NEW YORK, June 26 /PRNewswire-FirstCall/ -- CBS Corporation (NYSE: CBS.A
and CBS) announced today that it has completed its tender offer for all
outstanding shares of common stock of CNET Networks, Inc. (Nasdaq: CNET). CBS
intends to complete the acquisition in the next few business days.
The initial offering period expired at 12:00 Midnight, ET, on Friday, June
20, 2008. A subsequent offering period commenced on Monday, June 23, 2008,
and expired at 12:00 Midnight, ET, on Wednesday, June 25, 2008. As of that
time, approximately 117.9 million shares were validly tendered and accepted
for purchase pursuant to the offer. CBS Corporation will promptly pay for such
shares, at the offer price of $11.50 per share, net to the seller in cash,
without interest and less any required withholding taxes. After payment for
the shares, CBS will own, in total, approximately 78% of the outstanding
shares of CNET common stock.
CBS Corporation intends to effect a 'short-form' merger under Delaware
law, after exercising its top-up option under the merger agreement, and CNET
will become a direct, wholly-owned subsidiary of CBS Corporation. As a result
of the merger, any shares of CNET common stock not tendered will be cancelled
and (except for shares held by CBS Corporation or its subsidiaries, or shares
for which appraisal rights are properly demanded) will be converted into the
right to receive the same $11.50 in cash per share, without interest and less
any required withholding taxes, that was paid in the tender offer.

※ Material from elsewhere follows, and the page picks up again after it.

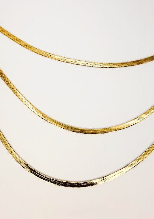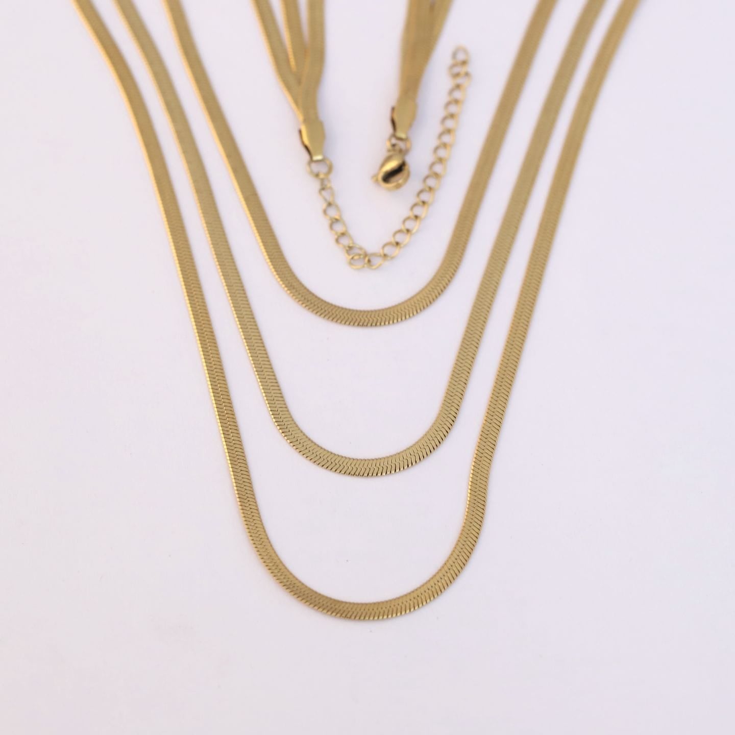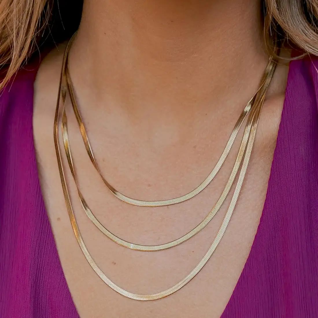 This necklace is a chic and sophisticated accessory designed for a modern, minimalist aesthetic. It features three separate chains of varying lengths, each with a sleek and fluid texture, creating a perfectly layered and luxurious look. Key Features: Triple-Layered Design: The set is composed of three individual necklaces, which are styled together to create a complete, voluminous look.

Following the merger, CNET common stock will cease to be traded on the
NASDAQ Global Market.
About CBS Corporation
CBS Corporation is a mass media company with constituent parts that reach
back to the beginnings of the broadcast industry, as well as newer businesses
that operate on the leading edge of the media industry. CBS Corporation,
through its many and varied operations, combines broad reach with
well-positioned local businesses, all of which provide it with an extensive
distribution network by which it serves audiences and advertisers in all 50
states and key international markets. It has operations in virtually every
field of media and entertainment, including broadcast television (CBS and The
CW - a joint venture between CBS Corporation and Warner Bros. Entertainment),
cable television (Showtime and CBS College Sports Network), local television
(CBS Television Stations), television production and syndication (CBS
Paramount Network Television and CBS Television Distribution), radio (CBS
Radio), advertising on out-of-home media (CBS Outdoor), publishing (Simon &
Schuster), interactive media (CBS Interactive), music (CBS Records), licensing
and merchandising (CBS Consumer Products), video/DVD (CBS Home Entertainment),
in-store media (CBS Outernet) and motion pictures (CBS Films). For more
information, log on to www.cbscorporation.com.
Additional Information
This press release is neither an offer to purchase nor a solicitation of
an offer to sell securities. The tender offer has been made pursuant to a
tender offer statement and related materials. CNET stockholders are advised
to read the tender offer statement and related materials, which have been
filed by CBS with the U.S. Securities and Exchange Commission (the 'SEC').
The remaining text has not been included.